┌──

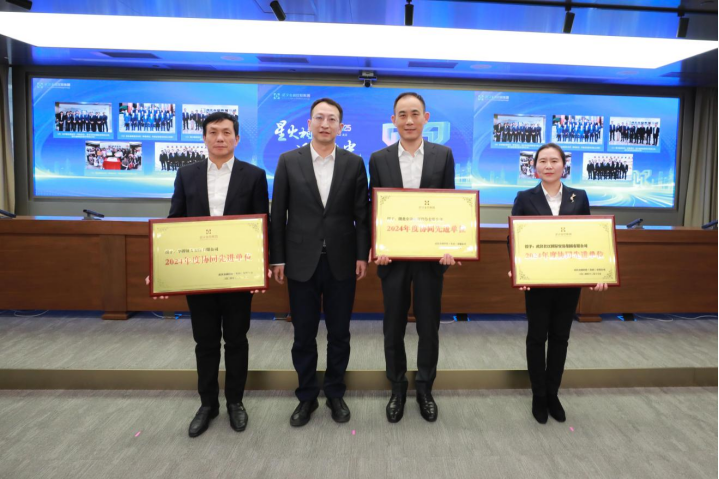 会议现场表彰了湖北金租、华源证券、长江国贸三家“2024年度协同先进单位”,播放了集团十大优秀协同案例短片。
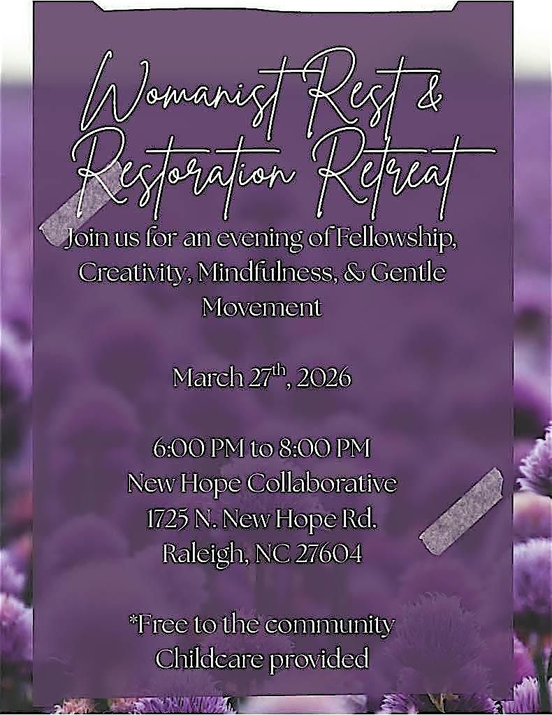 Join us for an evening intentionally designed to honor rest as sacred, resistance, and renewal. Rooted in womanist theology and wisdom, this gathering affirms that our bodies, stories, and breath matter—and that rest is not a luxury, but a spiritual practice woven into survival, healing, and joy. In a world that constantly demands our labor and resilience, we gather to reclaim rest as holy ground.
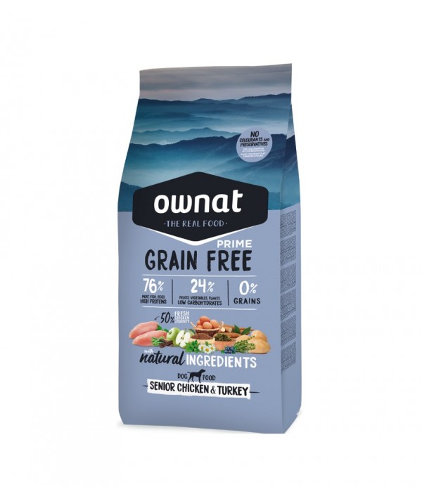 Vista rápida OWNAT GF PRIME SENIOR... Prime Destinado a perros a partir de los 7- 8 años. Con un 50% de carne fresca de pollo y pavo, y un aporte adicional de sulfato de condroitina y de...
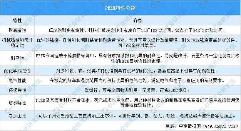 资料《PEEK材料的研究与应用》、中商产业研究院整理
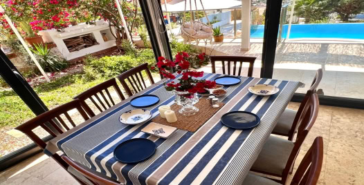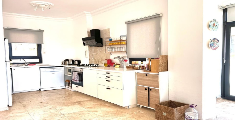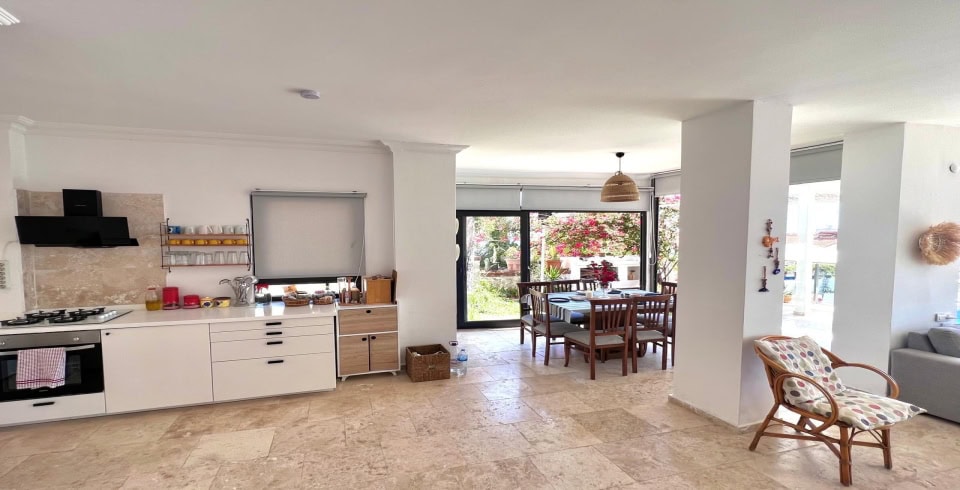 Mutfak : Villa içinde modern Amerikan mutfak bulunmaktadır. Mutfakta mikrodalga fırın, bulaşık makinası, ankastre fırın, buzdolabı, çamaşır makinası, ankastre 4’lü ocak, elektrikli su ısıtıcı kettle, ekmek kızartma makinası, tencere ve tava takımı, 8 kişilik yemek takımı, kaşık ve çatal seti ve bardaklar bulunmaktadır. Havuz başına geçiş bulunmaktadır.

└──
┌──

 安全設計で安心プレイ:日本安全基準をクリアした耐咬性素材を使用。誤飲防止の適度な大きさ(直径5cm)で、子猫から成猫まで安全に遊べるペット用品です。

└──

Print nothing but the lines above starting with the line that contains "资料《PEEK材料的研究与应用》、中商产业研究院整理" and going on through the line that contains "Mutfak : Villa". Leave out the pictures.

Written answer –
 资料《PEEK材料的研究与应用》、中商产业研究院整理
 Mutfak : Villa içinde modern Amerikan mutfak bulunmaktadır. Mutfakta mikrodalga fırın, bulaşık makinası, ankastre fırın, buzdolabı, çamaşır makinası, ankastre 4’lü ocak, elektrikli su ısıtıcı kettle, ekmek kızartma makinası, tencere ve tava takımı, 8 kişilik yemek takımı, kaşık ve çatal seti ve bardaklar bulunmaktadır. Havuz başına geçiş bulunmaktadır.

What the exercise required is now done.